Project Gutenberg epubs use a URI. This is a great method for digital-native books with their own steady identifiers. In this case Gutenberg identifiers include the Gutenberg book id:

    <dc:identifier opf:scheme="URI" id="etextno">http://www.gutenberg.org/ebooks/11</dc:identifier>

Like ISBN, these identifiers are stable, and let reading systems do more with the book if they’re able (for example direct users to the canonical information page for that book). If all publishers had their own websites with a page for every book I’d even prefer URIs to ISBNs for this reason.

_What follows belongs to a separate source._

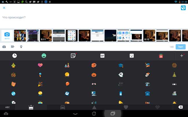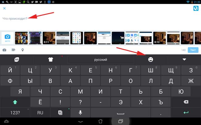 У додатку Твіттера для смартфонів і планшетів також відсутні смайли, тому нам доведеться встановити клавіатуру на своє Андроїд-усройство, на якій ці смайли присутні. Досить подібно я писав про встановлення та налаштування такої клавіатури у статті «Як вставити смайлик в Instagram». Відкрийте і почитайте.
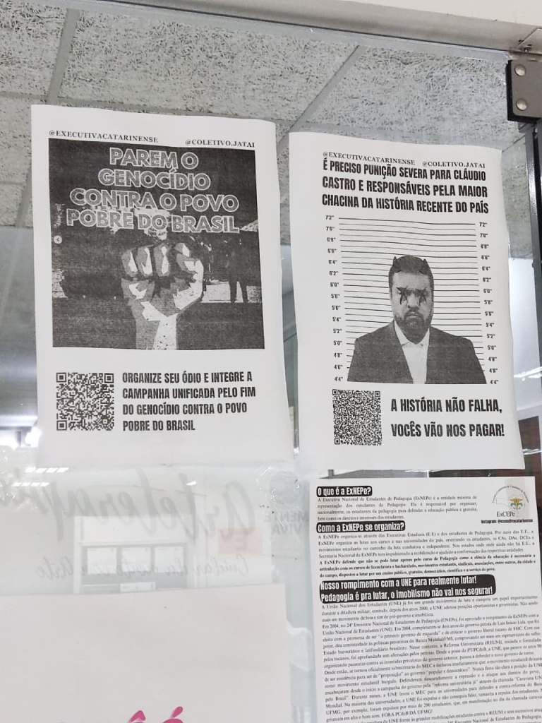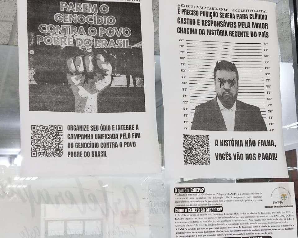 Somando-se às mobilizações nacionais de denúncia contra a crescente violência policial no país, a Executiva Catarinense de Estudantes de Pedagogia (ExCEPe), em conjunto com o Coletivo Jataí, realizou no dia 31 de outubro, na UFFS – Campus Chapecó, uma colagem de cartazes em todos os blocos da Universidade. A ação se mostrou como uma necessidade em resposta à chacina ocorrida nos complexos da Penha e do Alemão, no Rio de Janeiro, no dia 28 de outubro, e como um ato de denúncia contra o governador genocida e criminoso do estado do Rio de Janeiro, Cláudio Castro.

939 books on Bookworm are from Gutenberg directly, based on searching for this style of identifier. Only about 100 other books use URIs as identifiers.

UUID

A Universally Unique Identifier solves the “required unique” problem by specifying very large numbers, using a variety of schemes.

It’s trivial to generate a UUID in most programming languages. Here’s Python:

>>> import uuid
>>> uuid.uuid4()
UUID('58dce2ac-7aec-45c3-a6de-903a30061545')

Wikipedia lists UUID implementations in other programming languages. You can even just go to a UUID-generating web site. These days, if Bookworm gets an epub with no identifier, it generates a UUID.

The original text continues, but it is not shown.